━━━━━ Provided data ━━━━━
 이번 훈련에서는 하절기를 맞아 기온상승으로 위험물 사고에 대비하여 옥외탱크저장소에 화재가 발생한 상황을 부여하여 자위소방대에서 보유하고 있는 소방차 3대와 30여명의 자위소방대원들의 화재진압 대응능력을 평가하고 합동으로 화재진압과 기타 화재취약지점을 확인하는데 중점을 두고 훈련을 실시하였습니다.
━━━━━
━━━━━ Provided data ━━━━━
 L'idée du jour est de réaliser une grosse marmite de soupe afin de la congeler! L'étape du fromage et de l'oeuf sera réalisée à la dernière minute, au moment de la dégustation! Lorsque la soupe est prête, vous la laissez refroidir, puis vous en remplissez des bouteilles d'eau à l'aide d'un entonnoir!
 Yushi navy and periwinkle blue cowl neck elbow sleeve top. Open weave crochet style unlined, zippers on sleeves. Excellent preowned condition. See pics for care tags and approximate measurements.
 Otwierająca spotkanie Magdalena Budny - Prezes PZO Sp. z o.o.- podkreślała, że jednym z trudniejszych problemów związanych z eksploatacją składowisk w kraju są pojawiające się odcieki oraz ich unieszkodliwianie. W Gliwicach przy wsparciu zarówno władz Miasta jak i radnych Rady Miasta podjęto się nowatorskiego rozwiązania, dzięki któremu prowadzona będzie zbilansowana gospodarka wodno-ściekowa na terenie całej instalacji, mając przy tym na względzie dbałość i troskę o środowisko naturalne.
━━━━━
### [Exercise requirements]
In the data above, find the line that contains "L'idée du jour" and the line that contains "Yushi navy and". Repeat exactly those lines and every line between them, and only those.

### [Written response]
 L'idée du jour est de réaliser une grosse marmite de soupe afin de la congeler! L'étape du fromage et de l'oeuf sera réalisée à la dernière minute, au moment de la dégustation! Lorsque la soupe est prête, vous la laissez refroidir, puis vous en remplissez des bouteilles d'eau à l'aide d'un entonnoir!
 Yushi navy and periwinkle blue cowl neck elbow sleeve top. Open weave crochet style unlined, zippers on sleeves. Excellent preowned condition. See pics for care tags and approximate measurements.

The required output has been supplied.